- **WHAT TO PRODUCE**:
What follows is a listing to transcribe exactly, leaving the pictures out.

- **INFORMATION PROVIDED**:
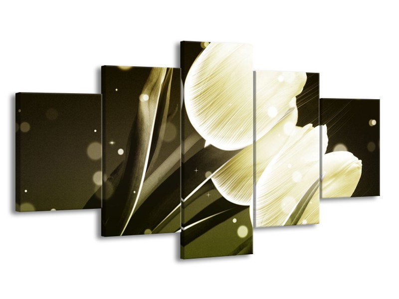 Canvas schilderij Tulp | Wit, Grijs | 150x80cm 5Luik
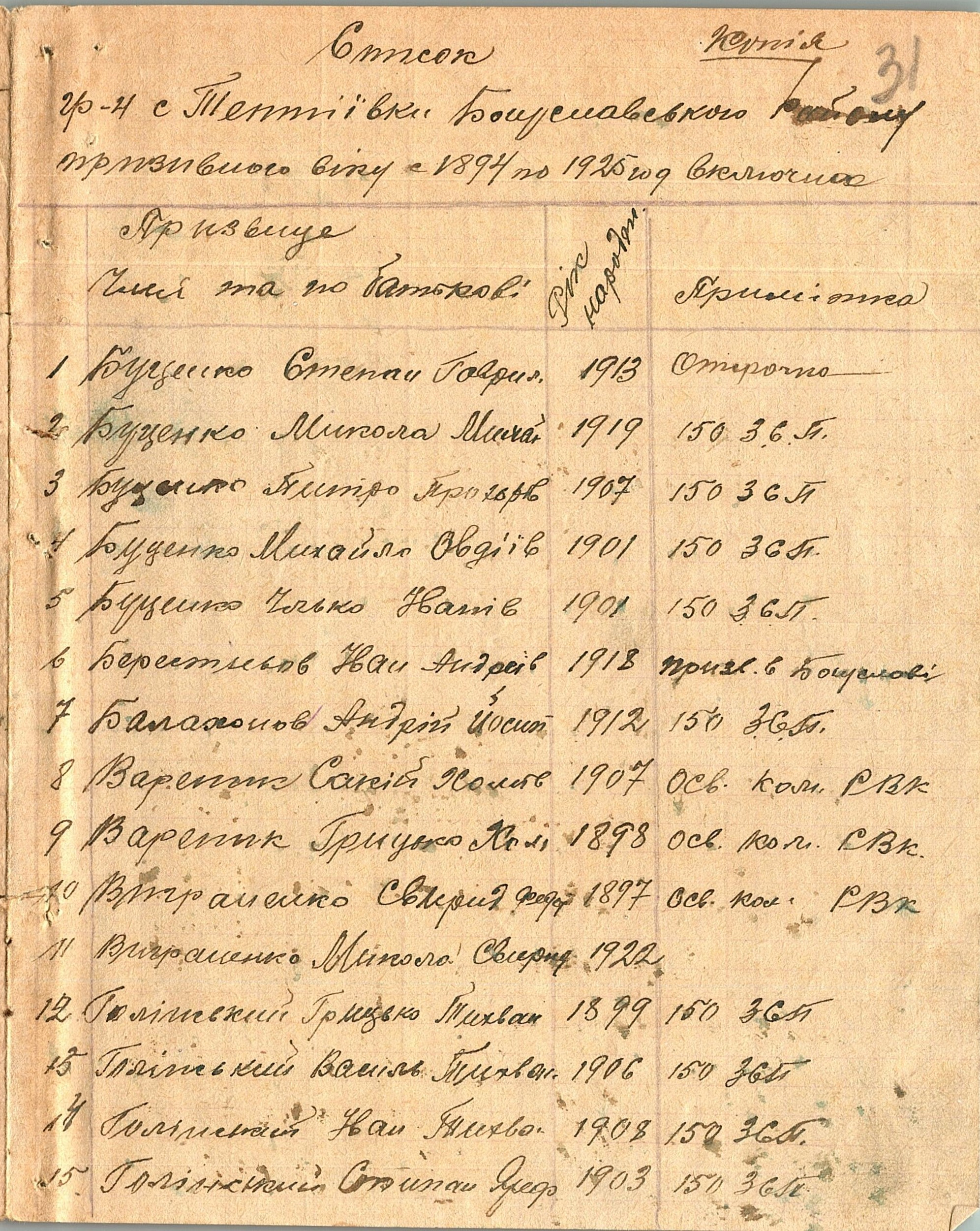 Документы о мобилизации в селах Богуславского района и акты медкомиссии
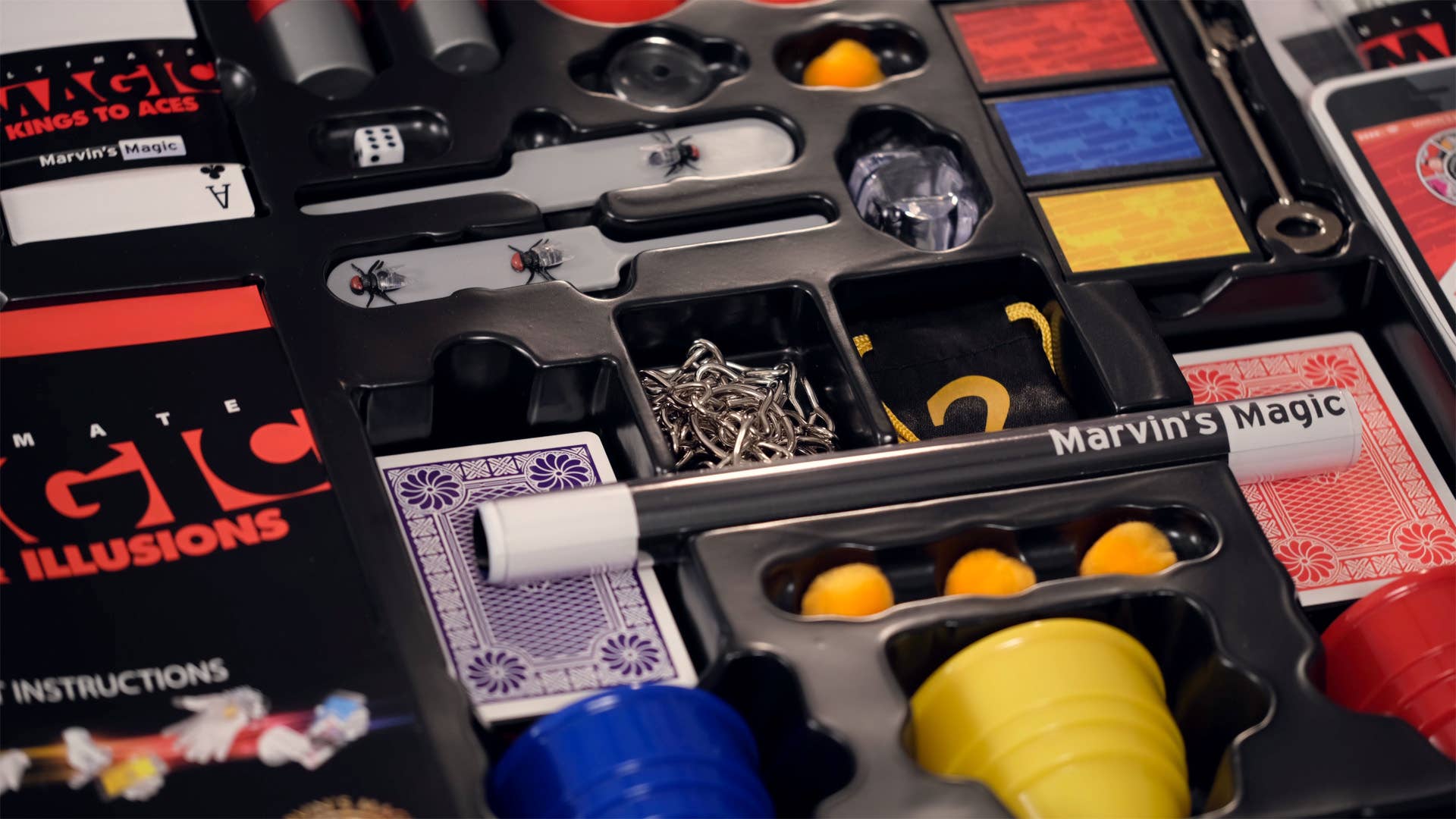 Inside, budding performers will discover favorites like the Amazing Magician’s Cards, Cups and Balls, Astounding Mind-Reading Canisters, Houdini Chains, the Haunted Key, Fly Paddles, and much more. Complete with a fully illustrated instruction booklet, this set makes learning easy and fun.
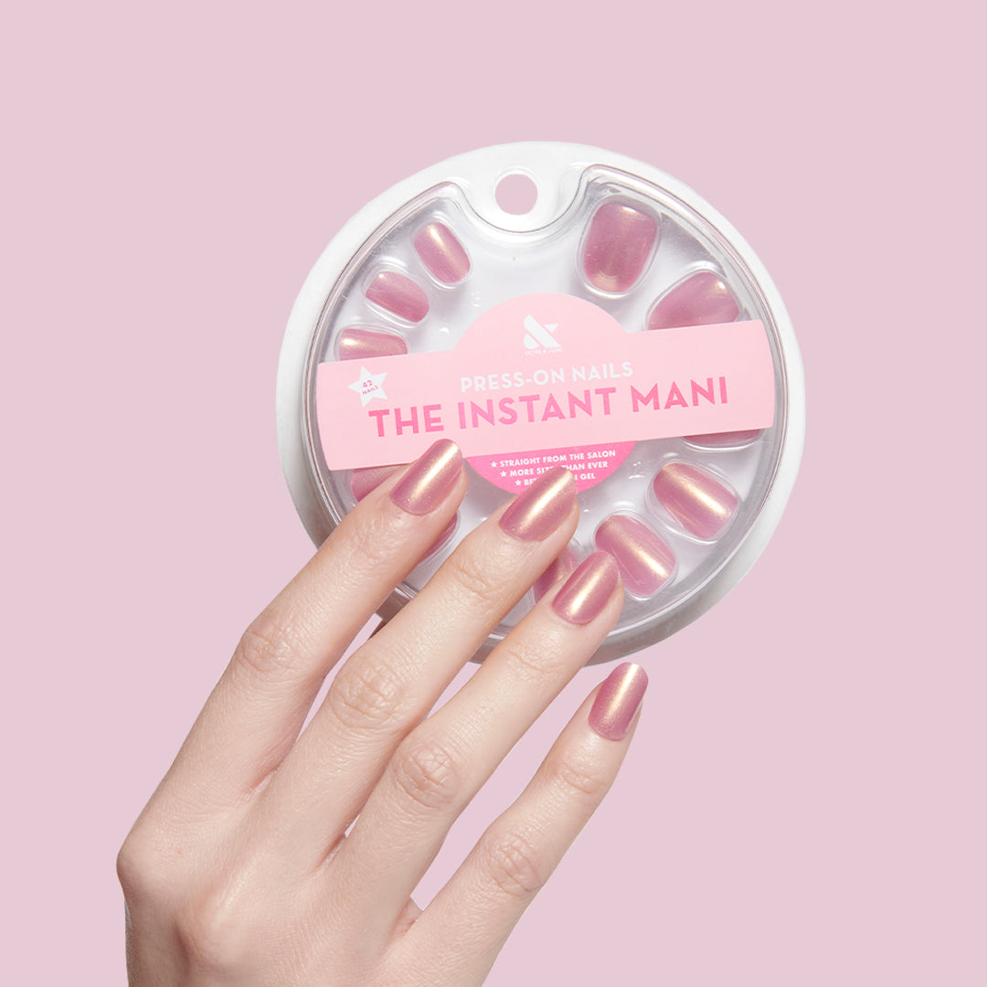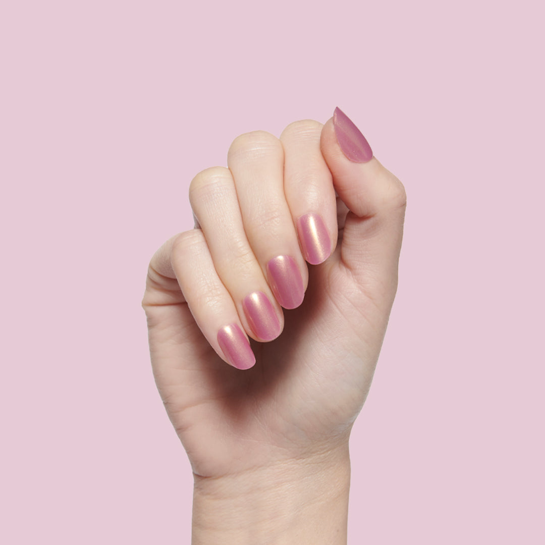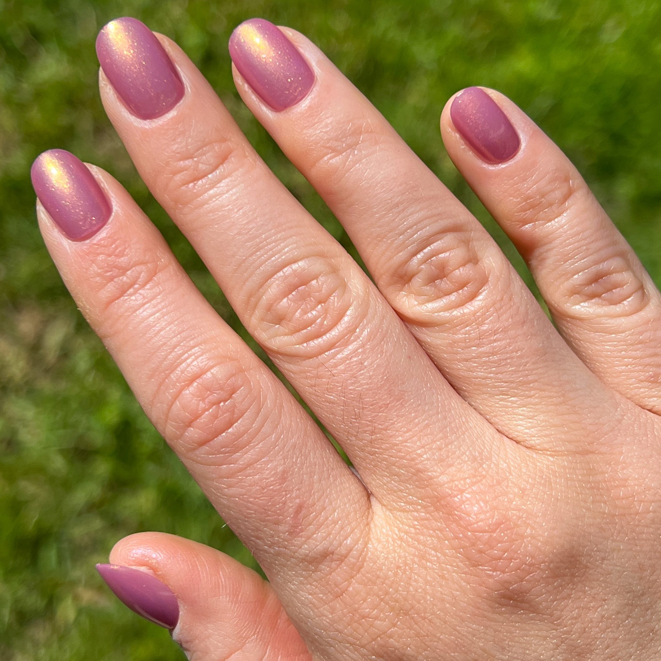 A coral iridescent mani in an extra short round shape.

- **EXPECTED OUTPUT**:
 Canvas schilderij Tulp | Wit, Grijs | 150x80cm 5Luik
 Документы о мобилизации в селах Богуславского района и акты медкомиссии
 Inside, budding performers will discover favorites like the Amazing Magician’s Cards, Cups and Balls, Astounding Mind-Reading Canisters, Houdini Chains, the Haunted Key, Fly Paddles, and much more. Complete with a fully illustrated instruction booklet, this set makes learning easy and fun.
 A coral iridescent mani in an extra short round shape.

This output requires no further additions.